Shini Efforts on CFC-free Refrigerants

 Prologue

The damaged ozone layer of Earth has caused serious concerns from the international community. In Vienna in 1985 the Vienna Convention for the Protection of the Ozone Layer was formulated and then on September 16, 1987 in Montreal, Canada the Montreal Protocol on Substances that Deplete the Ozone Layer was adopted which came into effect on January 1, 1989. In June 1991, China formally proposed to join in the revised Montreal Protocol.

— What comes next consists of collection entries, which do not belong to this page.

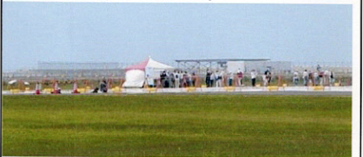
（工事中の空港ターミナルとポートライナー延伸線）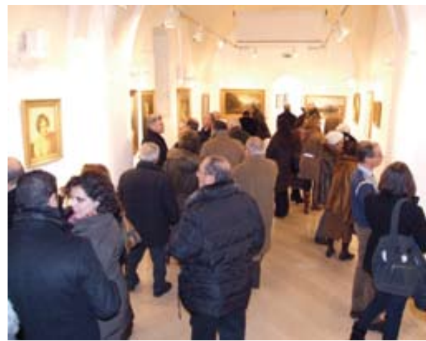
Mostra appena inaugurata.

La mostra è passata ma restano, come segno concreto, il catalogo e l'impegno nella promozione dell'Arte e della Cultura e di iniziative di grande valore sociale, che sono i compiti statutari della Fondazione Banca del Monte "Domenico Siniscalco Ceci" di Foggia.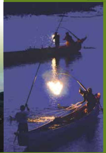
鸬鹚匠与船工气息相投一起掌船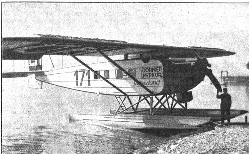
Das Dornier Flugzeug für Walter Mittelholzers Schweizer-Afrikaflug.

Eine zweimotorige Ausrüstung hätte allerdings die Betriebssicherheit erhöht, aber gleichzeitig die Abmessungen und das Gewicht vergrößert. Dadurch wäre auch der Tiefgang unworteilhaft beeinflusst worden. Ebenso ist es zweifelhaft, ob man mit einer größeren Maschine überall dort landen kann, wo ein kleineres Flugzeug ohne weiteres niedergehen darf. Uebrigens kann gesagt werden, daß die Expeditionsteilnehmer fast auf dem ganzen Wege Wasserläufe finden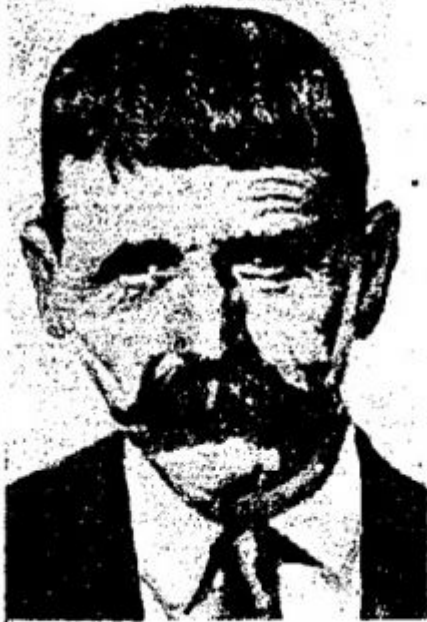
Ο Λούης σήμερα

Με τόν έορτασμόν τής 40ετηρίδος από τής αναβιώσεως τών ολυμπιακών αγώνων, ξυπνά εις τήν ψυχήν όλων τών Έλλήνων ή ύπερηφανεία, που ένοιωσεν όλη ή Έλλάς, πρό 48 έτών, όταν έγιναν οι πρώτοι διεθνείς ολυμπιακοί αγώνες και ήλθε νικητής του Μαραθωνείου δρόμου ένας Έλλην άθλητής, ο Σπύρος Λούης. Οι παλαιότεροι ένθουμούνται τήν φρενίτιδα του ένθουσιασμού, που κατέλαβεν όλον τόν ελληνικόν κόσμον, ο οποίος κατέκλυζε τάς κερκίδας του Σταδίου, όταν είσηλθεν ο πρώτος μαραθωνοδρόμος εις τόν στίβον ένω εις τόν Ιστών τής σημαίας έκυμάτιζαν τά ελληνικά χρώματα. Τί ήταν ο άθλητής εκείνος που έδόξασε τό έλληνικόν όνομα, όλοι τό ξέρουμε. "Ένας απλοϊκός εργάτης, που κουβαλούσε τότε μάρμαρα ά-

R22, the widely used refrigerant for medium-size and small-size refrigerators has been listed as control item and is used less and less gradually which will be abandoned in 2030. In order to adapt the control measures, world wide air conditioner manufacturers and refrigerant plants are thrown themselves into the R&D of substitutes of R22. It is an urgent task for this industry to find new CFC-free refrigerants replacing R22 which is considered as an excellent refrigerant originally.

 

 

New Trend of CFC-free Refrigerants

The substitution of R22 should focus on: reducing ozone depletion index and risks of the refrigerant (such as flammability and toxicity); mixing the refrigerants of high security and fatality to make the concentration of the mixture below the dangerous level; the substitute should have similar thermodynamic properties (such as operating pressure and energy efficiency) to R22 refrigerant so as to replace it rapidly and conveniently.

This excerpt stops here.